Your objective :: Each entry below must be repeated exactly. Leave the pictures out of it.

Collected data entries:
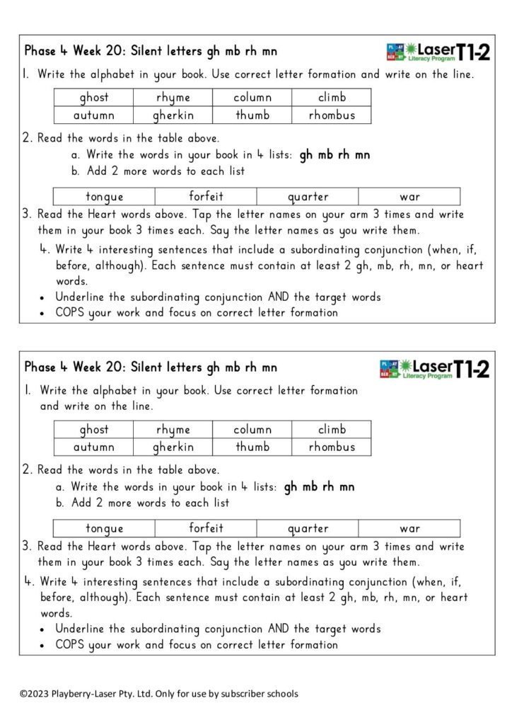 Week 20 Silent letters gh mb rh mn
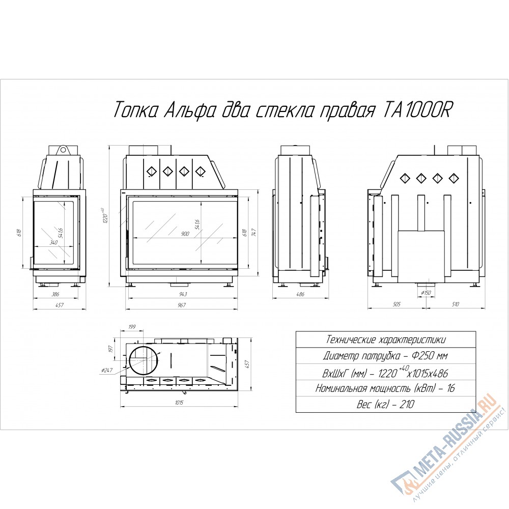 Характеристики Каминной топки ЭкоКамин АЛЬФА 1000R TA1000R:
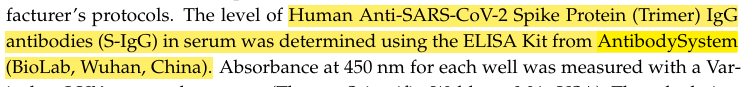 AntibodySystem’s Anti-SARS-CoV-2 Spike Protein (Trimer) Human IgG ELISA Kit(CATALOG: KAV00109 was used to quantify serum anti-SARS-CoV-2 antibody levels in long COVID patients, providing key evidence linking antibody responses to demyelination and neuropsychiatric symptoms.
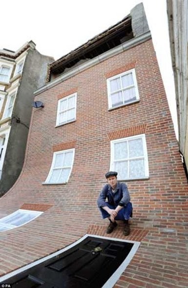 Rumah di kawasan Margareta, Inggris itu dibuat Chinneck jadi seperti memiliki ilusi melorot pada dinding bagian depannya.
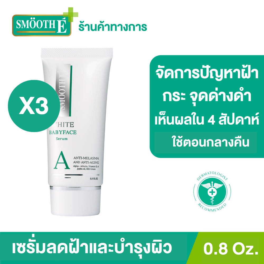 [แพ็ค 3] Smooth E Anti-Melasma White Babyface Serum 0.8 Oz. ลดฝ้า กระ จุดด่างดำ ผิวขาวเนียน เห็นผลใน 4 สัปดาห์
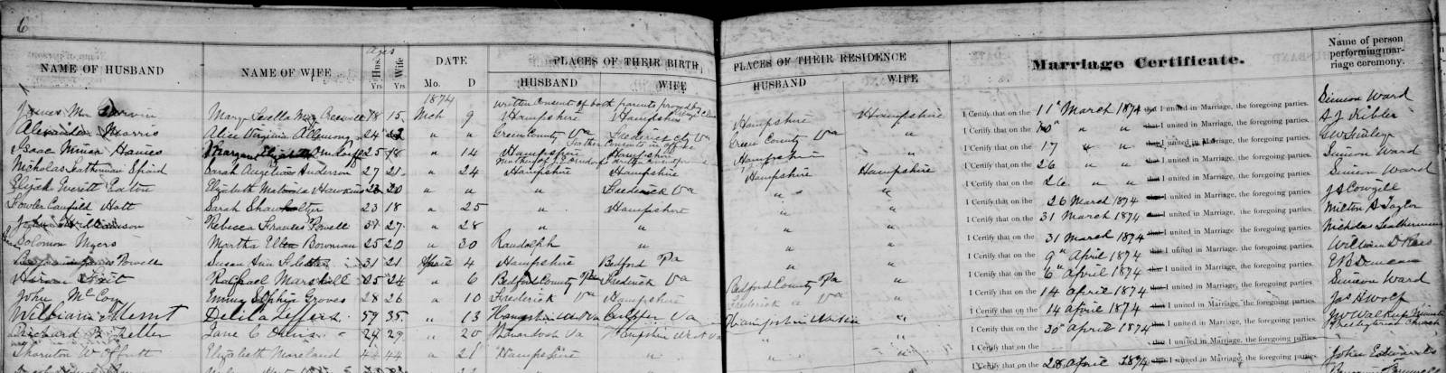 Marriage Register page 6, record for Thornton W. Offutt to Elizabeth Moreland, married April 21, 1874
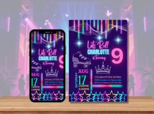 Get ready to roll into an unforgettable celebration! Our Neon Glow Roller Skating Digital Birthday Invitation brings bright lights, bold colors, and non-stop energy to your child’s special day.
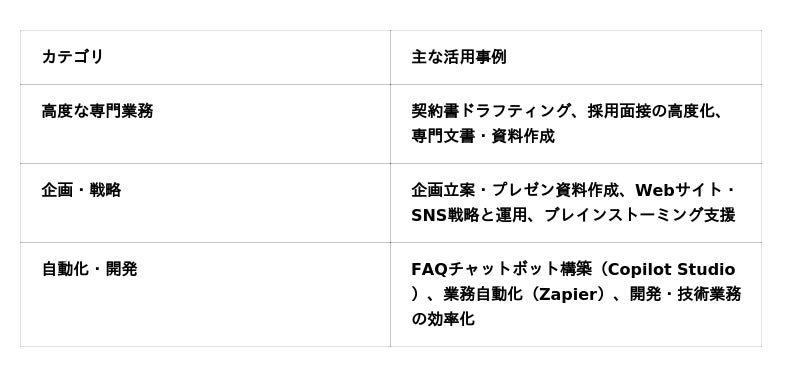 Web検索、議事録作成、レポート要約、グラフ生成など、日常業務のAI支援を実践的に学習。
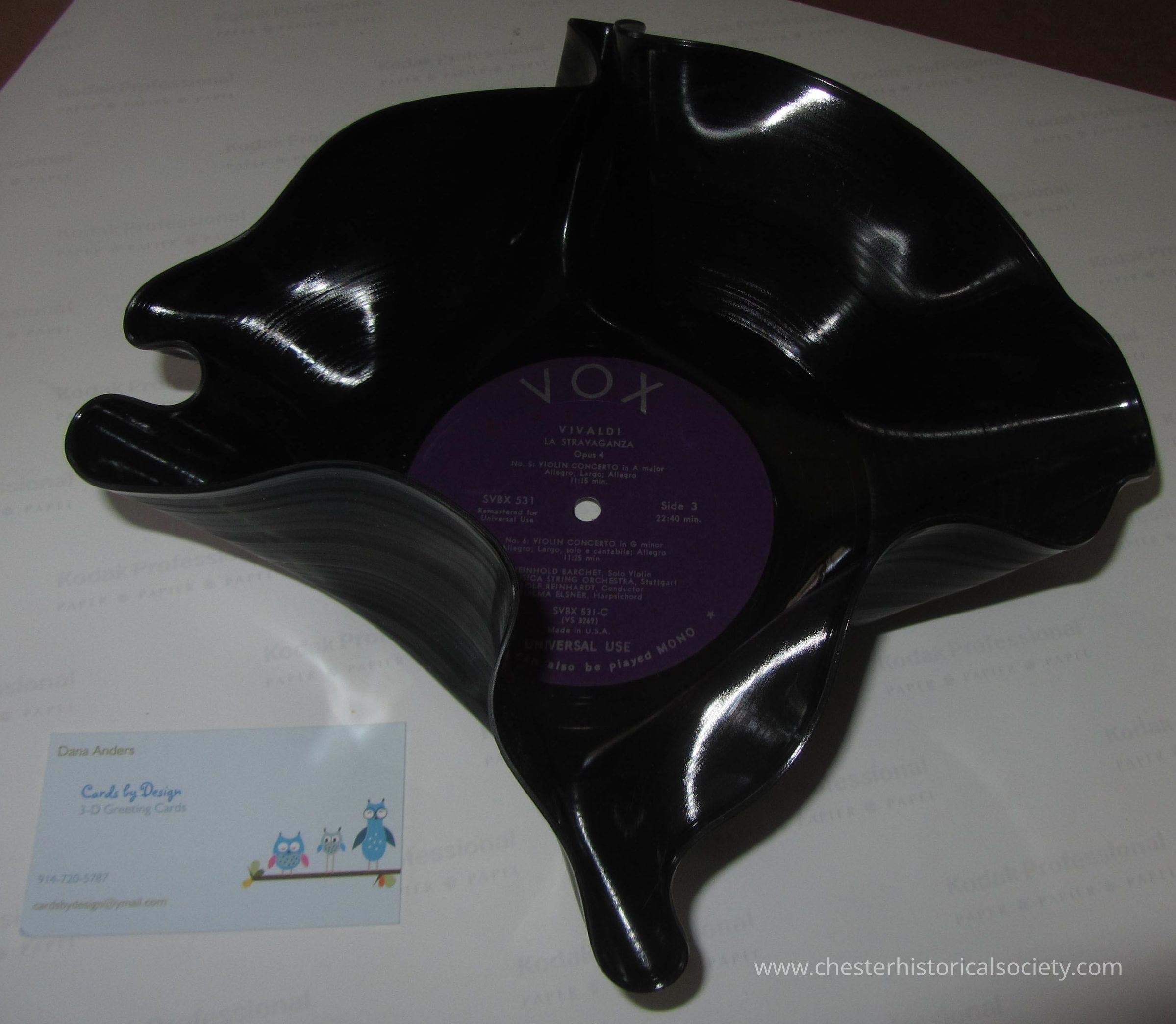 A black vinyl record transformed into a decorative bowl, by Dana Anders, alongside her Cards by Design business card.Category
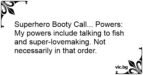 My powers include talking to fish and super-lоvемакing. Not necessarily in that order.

Exercise solution ::
 Week 20 Silent letters gh mb rh mn
 Характеристики Каминной топки ЭкоКамин АЛЬФА 1000R TA1000R:
 AntibodySystem’s Anti-SARS-CoV-2 Spike Protein (Trimer) Human IgG ELISA Kit(CATALOG: KAV00109 was used to quantify serum anti-SARS-CoV-2 antibody levels in long COVID patients, providing key evidence linking antibody responses to demyelination and neuropsychiatric symptoms.
 Rumah di kawasan Margareta, Inggris itu dibuat Chinneck jadi seperti memiliki ilusi melorot pada dinding bagian depannya.
 [แพ็ค 3] Smooth E Anti-Melasma White Babyface Serum 0.8 Oz. ลดฝ้า กระ จุดด่างดำ ผิวขาวเนียน เห็นผลใน 4 สัปดาห์
 Marriage Register page 6, record for Thornton W. Offutt to Elizabeth Moreland, married April 21, 1874
 Get ready to roll into an unforgettable celebration! Our Neon Glow Roller Skating Digital Birthday Invitation brings bright lights, bold colors, and non-stop energy to your child’s special day.
 Web検索、議事録作成、レポート要約、グラフ生成など、日常業務のAI支援を実践的に学習。
 A black vinyl record transformed into a decorative bowl, by Dana Anders, alongside her Cards by Design business card.Category
 My powers include talking to fish and super-lоvемакing. Not necessarily in that order.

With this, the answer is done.